EXERCISE: Reproduce each line below with no alterations.

--- DATA RECORDS Enclosed Below ---

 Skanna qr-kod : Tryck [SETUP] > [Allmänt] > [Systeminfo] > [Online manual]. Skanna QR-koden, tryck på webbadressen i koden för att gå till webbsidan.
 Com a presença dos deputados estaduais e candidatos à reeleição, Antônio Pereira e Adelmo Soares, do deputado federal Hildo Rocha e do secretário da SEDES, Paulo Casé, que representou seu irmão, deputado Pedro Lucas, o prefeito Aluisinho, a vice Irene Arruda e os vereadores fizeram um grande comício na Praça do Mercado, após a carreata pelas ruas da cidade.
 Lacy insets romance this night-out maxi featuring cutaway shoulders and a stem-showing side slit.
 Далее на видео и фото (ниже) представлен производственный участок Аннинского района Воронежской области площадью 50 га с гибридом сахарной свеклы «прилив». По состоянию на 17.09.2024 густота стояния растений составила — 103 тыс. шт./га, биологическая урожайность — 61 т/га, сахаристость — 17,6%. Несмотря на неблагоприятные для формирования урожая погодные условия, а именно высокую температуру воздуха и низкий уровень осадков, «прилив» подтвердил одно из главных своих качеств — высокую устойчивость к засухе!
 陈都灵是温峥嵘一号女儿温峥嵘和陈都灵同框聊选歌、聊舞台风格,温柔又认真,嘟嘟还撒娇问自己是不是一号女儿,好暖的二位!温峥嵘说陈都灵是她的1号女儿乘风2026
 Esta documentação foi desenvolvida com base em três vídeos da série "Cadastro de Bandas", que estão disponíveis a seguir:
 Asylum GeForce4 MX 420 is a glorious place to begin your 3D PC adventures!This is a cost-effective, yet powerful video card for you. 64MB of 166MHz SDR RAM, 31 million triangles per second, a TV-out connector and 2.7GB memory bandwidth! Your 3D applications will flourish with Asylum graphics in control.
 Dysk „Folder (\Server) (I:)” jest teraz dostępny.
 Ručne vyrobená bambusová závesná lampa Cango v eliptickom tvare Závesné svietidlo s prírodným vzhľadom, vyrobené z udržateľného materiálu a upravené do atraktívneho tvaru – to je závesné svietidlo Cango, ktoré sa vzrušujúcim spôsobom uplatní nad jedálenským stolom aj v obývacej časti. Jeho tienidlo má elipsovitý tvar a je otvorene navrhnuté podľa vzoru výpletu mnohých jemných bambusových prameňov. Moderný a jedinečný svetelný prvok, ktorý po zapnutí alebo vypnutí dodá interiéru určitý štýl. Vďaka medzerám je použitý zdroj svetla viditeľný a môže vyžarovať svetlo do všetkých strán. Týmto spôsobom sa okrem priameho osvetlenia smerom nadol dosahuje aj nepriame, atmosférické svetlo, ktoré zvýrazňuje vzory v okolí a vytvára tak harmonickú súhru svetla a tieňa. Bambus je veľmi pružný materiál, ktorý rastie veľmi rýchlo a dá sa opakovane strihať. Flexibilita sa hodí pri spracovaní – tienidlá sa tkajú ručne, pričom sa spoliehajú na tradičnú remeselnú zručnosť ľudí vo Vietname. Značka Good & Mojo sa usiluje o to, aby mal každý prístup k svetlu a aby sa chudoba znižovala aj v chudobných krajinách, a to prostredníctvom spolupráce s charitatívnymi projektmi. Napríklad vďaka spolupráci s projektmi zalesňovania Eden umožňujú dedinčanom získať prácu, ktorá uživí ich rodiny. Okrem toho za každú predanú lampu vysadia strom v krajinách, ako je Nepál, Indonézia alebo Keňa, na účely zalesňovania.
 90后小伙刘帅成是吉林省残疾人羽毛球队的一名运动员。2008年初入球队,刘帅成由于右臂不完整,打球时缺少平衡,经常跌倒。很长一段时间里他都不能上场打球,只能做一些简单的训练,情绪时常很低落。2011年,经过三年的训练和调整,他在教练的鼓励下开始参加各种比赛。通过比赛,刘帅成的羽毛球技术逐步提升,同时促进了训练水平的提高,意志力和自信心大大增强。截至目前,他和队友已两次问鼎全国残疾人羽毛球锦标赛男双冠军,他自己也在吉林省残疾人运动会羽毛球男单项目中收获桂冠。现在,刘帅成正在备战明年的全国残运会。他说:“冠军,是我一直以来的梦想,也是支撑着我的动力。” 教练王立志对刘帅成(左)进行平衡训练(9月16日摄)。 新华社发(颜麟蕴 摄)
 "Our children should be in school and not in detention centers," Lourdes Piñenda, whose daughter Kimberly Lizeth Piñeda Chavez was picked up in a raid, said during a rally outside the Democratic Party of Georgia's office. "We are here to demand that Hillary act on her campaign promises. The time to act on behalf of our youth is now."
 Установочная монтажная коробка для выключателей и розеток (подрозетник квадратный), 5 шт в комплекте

--- End of Enclosed DATA RECORDS ---

OUTPUT:
 Skanna qr-kod : Tryck [SETUP] > [Allmänt] > [Systeminfo] > [Online manual]. Skanna QR-koden, tryck på webbadressen i koden för att gå till webbsidan.
 Com a presença dos deputados estaduais e candidatos à reeleição, Antônio Pereira e Adelmo Soares, do deputado federal Hildo Rocha e do secretário da SEDES, Paulo Casé, que representou seu irmão, deputado Pedro Lucas, o prefeito Aluisinho, a vice Irene Arruda e os vereadores fizeram um grande comício na Praça do Mercado, após a carreata pelas ruas da cidade.
 Lacy insets romance this night-out maxi featuring cutaway shoulders and a stem-showing side slit.
 Далее на видео и фото (ниже) представлен производственный участок Аннинского района Воронежской области площадью 50 га с гибридом сахарной свеклы «прилив». По состоянию на 17.09.2024 густота стояния растений составила — 103 тыс. шт./га, биологическая урожайность — 61 т/га, сахаристость — 17,6%. Несмотря на неблагоприятные для формирования урожая погодные условия, а именно высокую температуру воздуха и низкий уровень осадков, «прилив» подтвердил одно из главных своих качеств — высокую устойчивость к засухе!
 陈都灵是温峥嵘一号女儿温峥嵘和陈都灵同框聊选歌、聊舞台风格,温柔又认真,嘟嘟还撒娇问自己是不是一号女儿,好暖的二位!温峥嵘说陈都灵是她的1号女儿乘风2026
 Esta documentação foi desenvolvida com base em três vídeos da série "Cadastro de Bandas", que estão disponíveis a seguir:
 Asylum GeForce4 MX 420 is a glorious place to begin your 3D PC adventures!This is a cost-effective, yet powerful video card for you. 64MB of 166MHz SDR RAM, 31 million triangles per second, a TV-out connector and 2.7GB memory bandwidth! Your 3D applications will flourish with Asylum graphics in control.
 Dysk „Folder (\Server) (I:)” jest teraz dostępny.
 Ručne vyrobená bambusová závesná lampa Cango v eliptickom tvare Závesné svietidlo s prírodným vzhľadom, vyrobené z udržateľného materiálu a upravené do atraktívneho tvaru – to je závesné svietidlo Cango, ktoré sa vzrušujúcim spôsobom uplatní nad jedálenským stolom aj v obývacej časti. Jeho tienidlo má elipsovitý tvar a je otvorene navrhnuté podľa vzoru výpletu mnohých jemných bambusových prameňov. Moderný a jedinečný svetelný prvok, ktorý po zapnutí alebo vypnutí dodá interiéru určitý štýl. Vďaka medzerám je použitý zdroj svetla viditeľný a môže vyžarovať svetlo do všetkých strán. Týmto spôsobom sa okrem priameho osvetlenia smerom nadol dosahuje aj nepriame, atmosférické svetlo, ktoré zvýrazňuje vzory v okolí a vytvára tak harmonickú súhru svetla a tieňa. Bambus je veľmi pružný materiál, ktorý rastie veľmi rýchlo a dá sa opakovane strihať. Flexibilita sa hodí pri spracovaní – tienidlá sa tkajú ručne, pričom sa spoliehajú na tradičnú remeselnú zručnosť ľudí vo Vietname. Značka Good & Mojo sa usiluje o to, aby mal každý prístup k svetlu a aby sa chudoba znižovala aj v chudobných krajinách, a to prostredníctvom spolupráce s charitatívnymi projektmi. Napríklad vďaka spolupráci s projektmi zalesňovania Eden umožňujú dedinčanom získať prácu, ktorá uživí ich rodiny. Okrem toho za každú predanú lampu vysadia strom v krajinách, ako je Nepál, Indonézia alebo Keňa, na účely zalesňovania.
 90后小伙刘帅成是吉林省残疾人羽毛球队的一名运动员。2008年初入球队,刘帅成由于右臂不完整,打球时缺少平衡,经常跌倒。很长一段时间里他都不能上场打球,只能做一些简单的训练,情绪时常很低落。2011年,经过三年的训练和调整,他在教练的鼓励下开始参加各种比赛。通过比赛,刘帅成的羽毛球技术逐步提升,同时促进了训练水平的提高,意志力和自信心大大增强。截至目前,他和队友已两次问鼎全国残疾人羽毛球锦标赛男双冠军,他自己也在吉林省残疾人运动会羽毛球男单项目中收获桂冠。现在,刘帅成正在备战明年的全国残运会。他说:“冠军,是我一直以来的梦想,也是支撑着我的动力。” 教练王立志对刘帅成(左)进行平衡训练(9月16日摄)。 新华社发(颜麟蕴 摄)
 "Our children should be in school and not in detention centers," Lourdes Piñenda, whose daughter Kimberly Lizeth Piñeda Chavez was picked up in a raid, said during a rally outside the Democratic Party of Georgia's office. "We are here to demand that Hillary act on her campaign promises. The time to act on behalf of our youth is now."
 Установочная монтажная коробка для выключателей и розеток (подрозетник квадратный), 5 шт в комплекте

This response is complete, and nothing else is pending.